Looked for a pet thread but... well I couldn't stand it. I don't have any grand kids.

This is my new "to me" dog, Duke.  A friend of mine retired his guiding business and bird dogs a couple months ago. The town kennel regulations just got too much and his dogs were getting old so he was looking for a retirement home.

I took in Duke, he's 10 already and a proven hunter. All he thinks about is hunting. Tractoring and planting trees, he thinks it's hunting. He's been here about 6 weeks now and we are getting along pretty good but I'm out working and digging and when I got to back up and turn around I'm looking and looking for the dog. I know he was here just a minute ago and I don't want to run over him...

I guess this looked like a dog box to him. LOL. When ever there's no tools or dirt in it, he jumps up in the scoop and wants to ride back there.  This dog cracks me up, over and over.


----------



## Nicodemus (Sep 8, 2017)

Good looking dog. German wirehaired?


----------



## wvdawg (Sep 8, 2017)

They love to hunt!  Probably will until he just can't go anymore!  Love the pic!


----------



## Timbo85 (Sep 8, 2017)

He looks like my old griffon the worst duck , dove , quail , or squirrel dog that I ever fed lol naw he was good at his job I kept him shaved the last couple yrs of his life cause he knew where every mud or water hole was around here for miles , good lookin dog he looks like he's having a good time


----------



## Jack Ryan (Sep 8, 2017)

Nicodemus said:


> Good looking dog. German wirehaired?



Yes! He's awesome. We are already best buddies. At least until I have to leave, or put him in the kennel.

I spent three weeks deliberately working at getting him to imprint and depend on me, now I'm the only one in the house he sometimes chases down the drive way. I don't like that, I'm afraid he'll get hurt in the road.
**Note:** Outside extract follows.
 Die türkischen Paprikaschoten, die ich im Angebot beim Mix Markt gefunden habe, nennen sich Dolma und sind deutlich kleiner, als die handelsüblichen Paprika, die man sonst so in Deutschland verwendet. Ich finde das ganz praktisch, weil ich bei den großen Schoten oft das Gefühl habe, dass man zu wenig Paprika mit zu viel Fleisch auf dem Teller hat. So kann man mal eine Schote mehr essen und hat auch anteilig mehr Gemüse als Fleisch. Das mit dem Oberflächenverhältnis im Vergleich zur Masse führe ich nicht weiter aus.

But it's getting better.


----------



## Jack Ryan (Sep 8, 2017)

Timbo85 said:


> He looks like my old griffon the worst duck , dove , quail , or squirrel dog that I ever fed lol naw he was good at his job I kept him shaved the last couple yrs of his life cause he knew where every mud or water hole was around here for miles , good lookin dog he looks like he's having a good time



I could already fill a 5 gallon bucket with those little green sticker things I've combed off him. He loves it though. He'll just stand right there and beg ya to get out the curry comb. Brush 'em right off his eye brows and he'll stand there still as a statue. Got out the scissors after I'd had him about a month and gave him a little hair cut and trim. He stood still like I'd been doing it all his life.
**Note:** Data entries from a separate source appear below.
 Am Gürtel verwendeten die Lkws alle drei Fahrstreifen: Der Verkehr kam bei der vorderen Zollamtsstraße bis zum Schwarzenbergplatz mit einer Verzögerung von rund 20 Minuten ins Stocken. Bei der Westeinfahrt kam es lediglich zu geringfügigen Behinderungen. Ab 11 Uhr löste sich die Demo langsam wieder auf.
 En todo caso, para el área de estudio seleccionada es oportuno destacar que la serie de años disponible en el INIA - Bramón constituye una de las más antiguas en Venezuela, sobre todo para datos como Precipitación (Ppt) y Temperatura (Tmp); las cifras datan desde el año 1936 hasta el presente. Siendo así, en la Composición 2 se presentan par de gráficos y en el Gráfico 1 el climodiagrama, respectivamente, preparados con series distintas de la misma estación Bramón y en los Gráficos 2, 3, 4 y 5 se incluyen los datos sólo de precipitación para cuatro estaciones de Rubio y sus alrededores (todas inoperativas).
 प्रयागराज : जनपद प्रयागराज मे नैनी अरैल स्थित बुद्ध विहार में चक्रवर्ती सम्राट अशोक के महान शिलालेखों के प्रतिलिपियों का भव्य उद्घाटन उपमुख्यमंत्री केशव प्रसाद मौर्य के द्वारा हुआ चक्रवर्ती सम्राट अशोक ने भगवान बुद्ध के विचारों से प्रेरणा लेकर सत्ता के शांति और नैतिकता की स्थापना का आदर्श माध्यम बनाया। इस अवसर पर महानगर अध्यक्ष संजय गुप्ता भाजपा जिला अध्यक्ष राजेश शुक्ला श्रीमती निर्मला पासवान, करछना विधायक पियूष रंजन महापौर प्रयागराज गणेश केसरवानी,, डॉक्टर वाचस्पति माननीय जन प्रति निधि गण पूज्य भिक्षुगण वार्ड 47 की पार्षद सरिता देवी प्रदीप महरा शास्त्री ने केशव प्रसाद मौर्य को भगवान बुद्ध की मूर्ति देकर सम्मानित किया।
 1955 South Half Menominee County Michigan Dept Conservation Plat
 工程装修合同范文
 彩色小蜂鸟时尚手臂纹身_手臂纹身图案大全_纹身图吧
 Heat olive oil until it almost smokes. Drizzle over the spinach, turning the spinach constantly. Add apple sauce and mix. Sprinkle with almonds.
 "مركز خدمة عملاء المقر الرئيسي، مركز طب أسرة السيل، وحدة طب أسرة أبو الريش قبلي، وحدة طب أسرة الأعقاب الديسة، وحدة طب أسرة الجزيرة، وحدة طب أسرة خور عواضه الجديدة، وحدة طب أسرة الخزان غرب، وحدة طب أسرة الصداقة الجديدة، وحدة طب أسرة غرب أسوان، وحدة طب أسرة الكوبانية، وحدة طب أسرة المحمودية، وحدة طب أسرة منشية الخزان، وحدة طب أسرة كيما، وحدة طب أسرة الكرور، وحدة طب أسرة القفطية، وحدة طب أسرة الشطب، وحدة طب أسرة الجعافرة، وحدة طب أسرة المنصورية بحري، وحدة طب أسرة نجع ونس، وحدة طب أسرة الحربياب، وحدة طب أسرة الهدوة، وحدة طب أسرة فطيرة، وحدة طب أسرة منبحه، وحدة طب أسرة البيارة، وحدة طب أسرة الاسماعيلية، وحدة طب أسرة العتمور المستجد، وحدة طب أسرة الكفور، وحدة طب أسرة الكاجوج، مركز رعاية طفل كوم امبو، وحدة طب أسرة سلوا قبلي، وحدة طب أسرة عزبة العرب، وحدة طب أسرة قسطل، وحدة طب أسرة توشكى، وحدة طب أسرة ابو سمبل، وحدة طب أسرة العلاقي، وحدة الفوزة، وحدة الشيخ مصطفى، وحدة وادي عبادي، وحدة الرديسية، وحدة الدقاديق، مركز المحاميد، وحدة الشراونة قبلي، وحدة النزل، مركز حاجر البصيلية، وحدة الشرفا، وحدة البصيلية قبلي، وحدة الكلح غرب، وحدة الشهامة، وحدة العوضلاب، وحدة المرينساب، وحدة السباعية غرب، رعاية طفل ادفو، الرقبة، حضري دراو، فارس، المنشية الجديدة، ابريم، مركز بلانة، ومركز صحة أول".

I'm so glad I didn't give in and get a pup, this is exactly the dog I wanted.


----------



## Hillbilly stalker (Sep 8, 2017)

Tractor or not....that dog knows where the tailgate is supposed to be . lol!  He will make you a fine companion.


----------



## Dirtroad Johnson (Sep 9, 2017)

Good for you & the dog.


----------



## AllTerrainAngler (Sep 14, 2017)

Maybe I"m biased but love the dog. I honestly think my gsp is more about hunting than my lab. If he even thinks I'm reaching for a gun hes at my side waiting for the shot. lol


----------



## caughtinarut (Sep 29, 2017)

He was ready to go...enough of this work stuff....


----------